Microsoft Research Digits: 3D vision wearable computing concept

The 25th ACM Symposium on User Interface Software and Technology (UIST) is underway this week in Cambridge, Massachusetts. UIST brings together researchers and practitioners from diverse areas that include traditional graphical and web user interfaces, tangible and ubiquitous computing, virtual and augmented reality, multimedia, new input and output devices and more. That’s a good check list against some of the work that goes on in Microsoft Research and as always, MSR will be there in force.

We’re a gold sponsor of the event and Hrvoje Benko of Microsoft Research is one of the program chairs – regular readers will be familiar with Benko’s work on projects such as the wearable multi-touch projector.

A number of Microsoft Research projects will be shown at UIST and one caught my eye in particular – Digits. The project highlights the ongoing work of MSR in the field of natural user interfaces and the blending of the physical and virtual worlds. Digits employs wearable vision technology to enable freehand gesture input that could potentially be used with personal computing such as a mobile phone, laptop or gaming console. I had the chance to speak with David Kim, one of the researchers behind the project who helped me understand how it works.

David explained that Digits was inspired by a desire to enable 3D interaction that was not bound to a physical space in the way an earlier project known as Holodesk was. The team wanted to make spatial interaction mobile and turned to a combination of computer vision techniques and off the shelf hardware to build the “wristband” that you see in the video.

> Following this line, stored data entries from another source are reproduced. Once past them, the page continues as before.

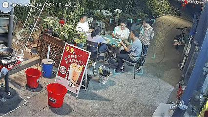 视频显示,事发时间为晚上8时10分许,在一幢建筑前方,四个人围坐在一起打麻将,桌旁还站着一位围观的大妈。突然空中传来“咔哒”一声响,只见围观的大妈迅速向左离开原地,而就在她躲开的一刹那,一台空调外机已落在她原来的站立处,砸在地上发出巨响,呲呲冒出白烟。此时,坐着的四人也起身跑开。
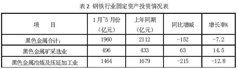 1月~5月份鋼鐵行業(yè)運(yùn)行情況
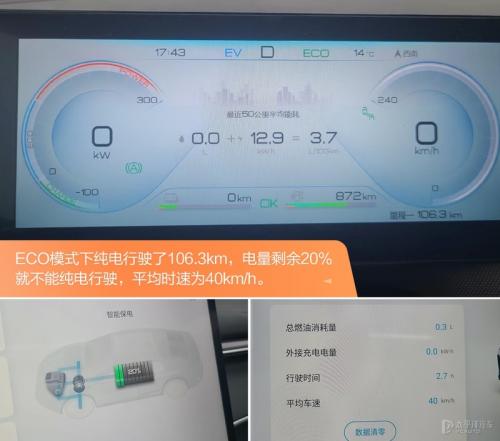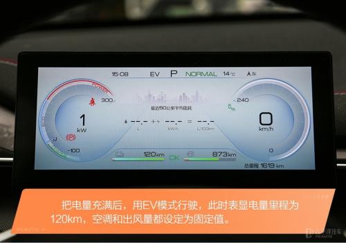 首先进行的纯电续航测试,先把试驾车的电量充满,这是表显纯电续航里程为120km,然后长按EV按钮进入纯电模式,接着以ECO模式进行测试。
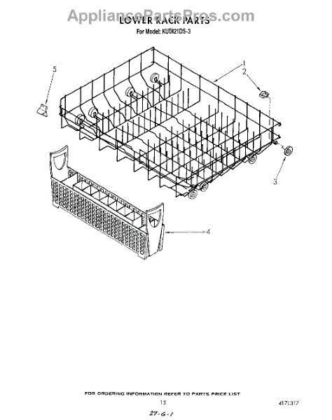 Parts for Kitchenaid KUDI21DS3: 12 - Lower Rack Parts
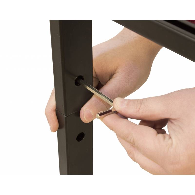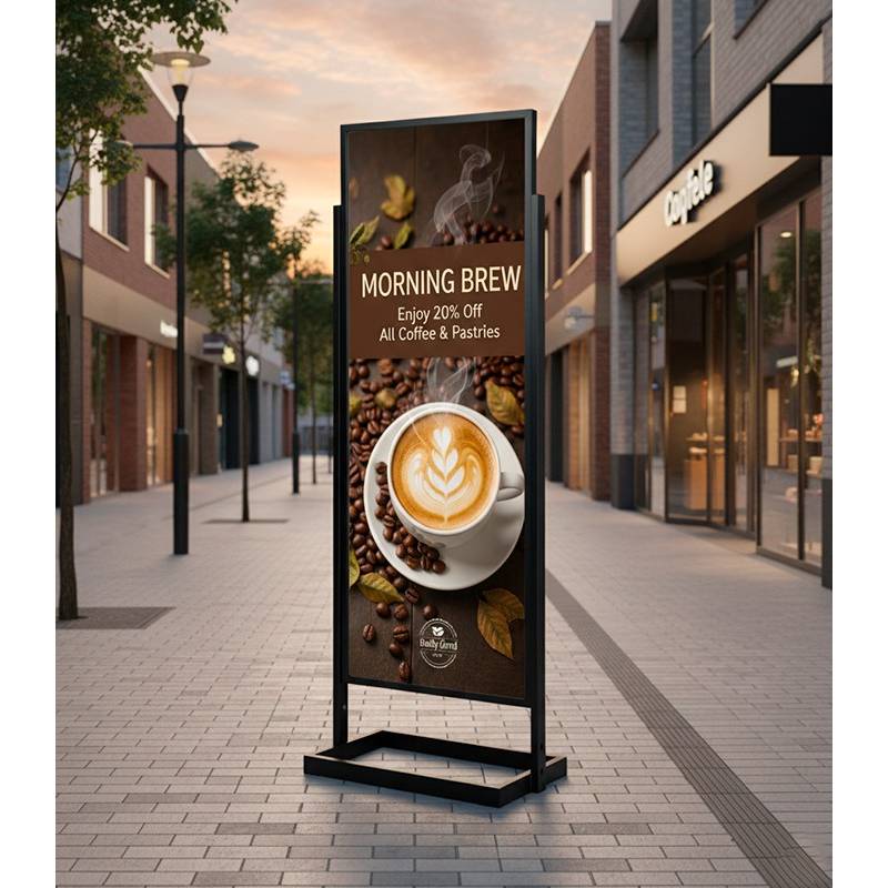 Este soporte para gráficas de metal suele utilizarse en zonas de mucho transito como pasillos de centros comerciales, ya que es muy resistente. h
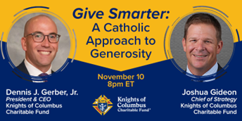 Are you missing opportunities to maximize your charitable giving? You’re invited to a free webinar with Knights of Columbus Charitable Fund (KCCF) titled “Give Smarter: A Catholic Approach to Generosity” on Nov. 10 at 8 p.m. EST!
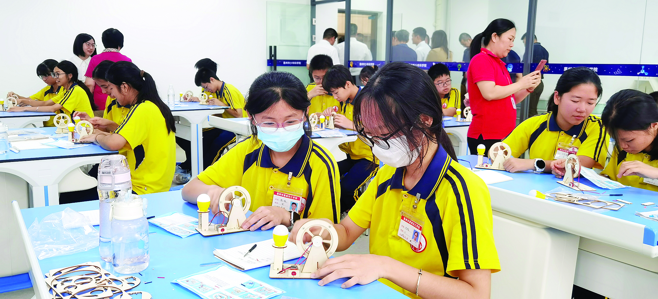 學(xué)生在惠州市少年科學(xué)院總院參加科創(chuàng)科普實(shí)踐活動(dòng)。
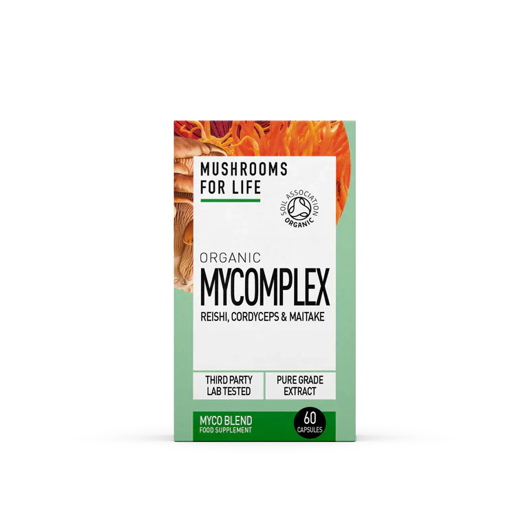 Mushrooms For Life Organic MyComplex - 60 Capsules Mushrooms For Life Organic MyComplex combines 3 of the most respected mushrooms, Cordyceps, Reishi and Maitake, to provide all-around support for immune health and vitality. Known collectively as the 'royal mushrooms', this combination offers you a therapeutic dose of medicinal mushrooms to assist the demands of a modern lifestyle. Reishi is regarded highly for its powerful benefits to the liver, immune system and more. Cordyceps is known as an adaptogen to support performance and vitality. It is considered particularly supportive in cases of exhaustion or a weak kidney. Meanwhile, Maitake enhances the blend with its rich profile of antioxidants and beta glucans known to support the body's defences in demanding times. 1000mg of MyComplex per serving Professionally formulated by mushroom experts Concentrated synergy of spores, fruiting body and mycelium Supports immune health and vitality Full spectrum extracts rich in unique active compounds 100% mushrooms. No fillers, binders or additives Screened for any traces of heavy metals, pesticides or contaminants Naturally Gluten-free, Dairy-free and Soya-free Certified Organic by the Soil Association Suitable for Vegans and Vegetarians Made in the UK
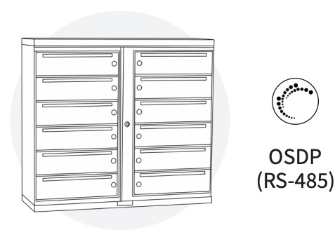 Digitala namnskyltar och elektroniska lås, kommunikation via OSDP-2, Secure Channel. En central hanterar upp till 125 fack. Eget nätverk, bara el krävs.

The combination of an infrared (IR) laser, IR camera, IR diffuser for illumination and an inertial measurement unit enables tracking of fingers. The current setup  can only see five points, which normally would make it difficult to get an accurate view of the hand pose, so the vision system is allied to a biomechanical model of the hand for a full Kinematics model that delivers a very a high  degree of accuracy in modeling the hand pose. There are still some occasions when the tracking is affected by occlusion, for example when the hand is in a certain pose – though David mentioned the potential to apply a machine learning algorithm that would help alleviate these issues and further improve the accuracy.

The video already shows some pretty cool applications of the technology – and I’ve no doubt we’ll hear more ideas this week as Digits get shown at UIST and around the web. As is often the case, it’s the result of a a multidisciplinary team that has come together and built a concept in relatively short order using off the shelf components. Imagine what’s possible with more bespoke components and the inevitable miniaturization?